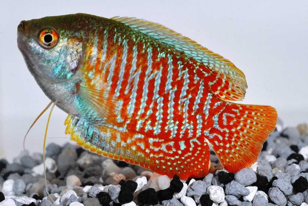Маленькая лабиринтовая рыбка, способная украсить любой тропический аквариум. У лялиуса четко проявляется половой диморфизм: самки с точки зрения красоты ценности не представляют (как и большинства других видов), а вот самцы без внимания никогда не останутся. Их серебристое тело покрыто красными и голубыми светящимися полосками (хотя есть селекционные формы с другими вариантами окраса). В ходе эволюции грудные плавники превратились в тонкие чувствительные нити.
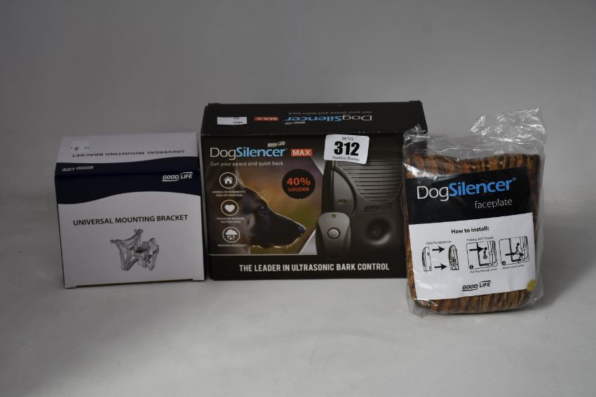 A boxed as new Goodlife Dog silencer max bark training device with boxed attachment bracket and tree bark design faceplate.
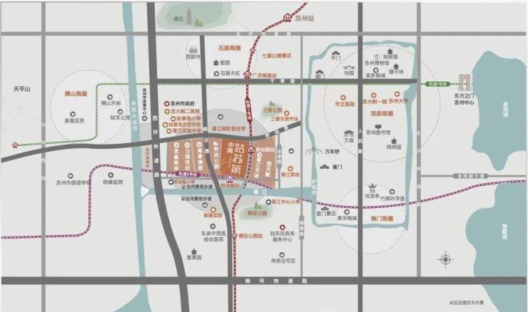 双轨TOD,紧邻地铁2号线(南北向)和5号线(东西向)(朴注:双轨交汇的新盘,在苏州很少很少),无缝对接1/3/4号线,将来5站路就可以到火车站,5站换乘到新区狮山,8站抵达园区湖西。贯穿苏州东西和南北量大动脉,方便触达全城,本项目也是内环稀缺的双轨站交汇的新盘项目。
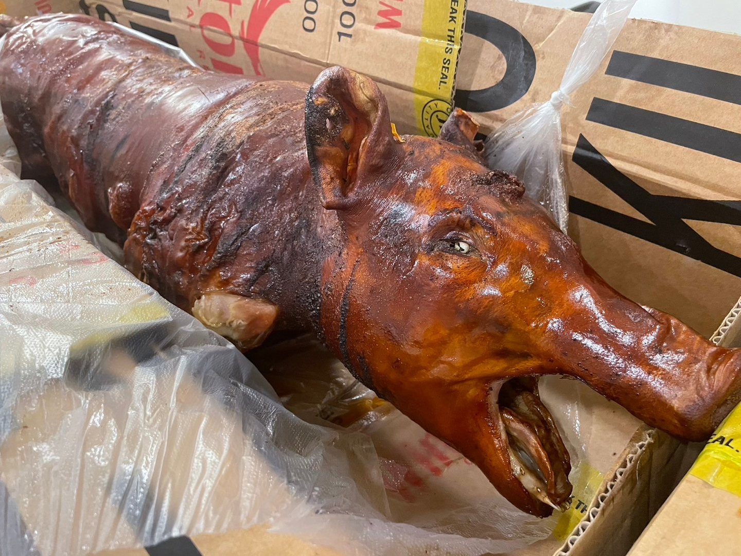 フィリピン名物のレチョン(豚の丸焼き)をいただきました!
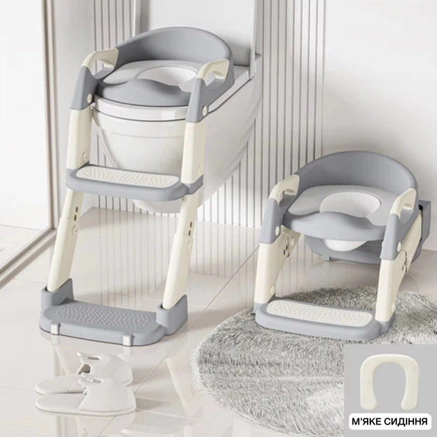 Горщик дитячий багатофукціональний 2в1 зі сходами, ручками та м'яким сидінням Сірий
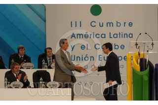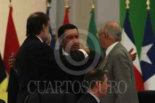 GUADALAJARA, JALISCO 28MAYO2004.- El presidente de Venezuela, Hugo Chavez, es saludo antes de la inauguración de la Tercera Cumbre América Latina y el Caribe-Unión Europea. FOTO: Germán Romero/CUARTOSCURO.COM
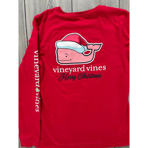 This is a pre-owned Vineyard Vines long-sleeve t-shirt in red, size Large (14). The shirt features a graphic of a whale wearing a Santa hat on the left chest pocket and a larger version on the back, accompanied by "vineyard vines Merry Christmas." The left sleeve also displays "vineyard vines" vertically with a small Christmas tree graphic.
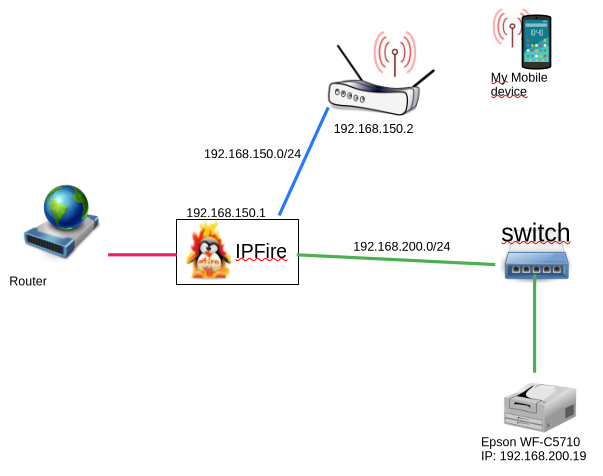 I can ping the printer from a Linux laptop that is also connected to the WLAN (blue network).
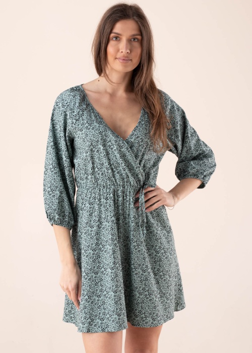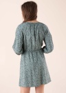 Jauka JDY kleita der valkāšanai vasarā. Ar brīvāka piegriezuma viegla kleita ir ar interesantu rakstu un ar V-veida kakla izgriezumu. Viduklī ir gumija , priekšpusē ir sasiešanas lentes , kā arī piedurkņu galos ir gumijas. Audums ar patīkamu pieskārienu ļauj izbaudīt valkāšanu. Foto: augums 178 cm valkā S izmēru.

# THE PROBLEM
In the copy, no picture may appear; the records themselves must be output exactly.

# WORKED SOLUTION
Маленькая лабиринтовая рыбка, способная украсить любой тропический аквариум. У лялиуса четко проявляется половой диморфизм: самки с точки зрения красоты ценности не представляют (как и большинства других видов), а вот самцы без внимания никогда не останутся. Их серебристое тело покрыто красными и голубыми светящимися полосками (хотя есть селекционные формы с другими вариантами окраса). В ходе эволюции грудные плавники превратились в тонкие чувствительные нити.
 A boxed as new Goodlife Dog silencer max bark training device with boxed attachment bracket and tree bark design faceplate.
 双轨TOD,紧邻地铁2号线(南北向)和5号线(东西向)(朴注:双轨交汇的新盘,在苏州很少很少),无缝对接1/3/4号线,将来5站路就可以到火车站,5站换乘到新区狮山,8站抵达园区湖西。贯穿苏州东西和南北量大动脉,方便触达全城,本项目也是内环稀缺的双轨站交汇的新盘项目。
 フィリピン名物のレチョン(豚の丸焼き)をいただきました!
 Горщик дитячий багатофукціональний 2в1 зі сходами, ручками та м'яким сидінням Сірий
 GUADALAJARA, JALISCO 28MAYO2004.- El presidente de Venezuela, Hugo Chavez, es saludo antes de la inauguración de la Tercera Cumbre América Latina y el Caribe-Unión Europea. FOTO: Germán Romero/CUARTOSCURO.COM
 This is a pre-owned Vineyard Vines long-sleeve t-shirt in red, size Large (14). The shirt features a graphic of a whale wearing a Santa hat on the left chest pocket and a larger version on the back, accompanied by "vineyard vines Merry Christmas." The left sleeve also displays "vineyard vines" vertically with a small Christmas tree graphic.
 I can ping the printer from a Linux laptop that is also connected to the WLAN (blue network).
 Jauka JDY kleita der valkāšanai vasarā. Ar brīvāka piegriezuma viegla kleita ir ar interesantu rakstu un ar V-veida kakla izgriezumu. Viduklī ir gumija , priekšpusē ir sasiešanas lentes , kā arī piedurkņu galos ir gumijas. Audums ar patīkamu pieskārienu ļauj izbaudīt valkāšanu. Foto: augums 178 cm valkā S izmēru.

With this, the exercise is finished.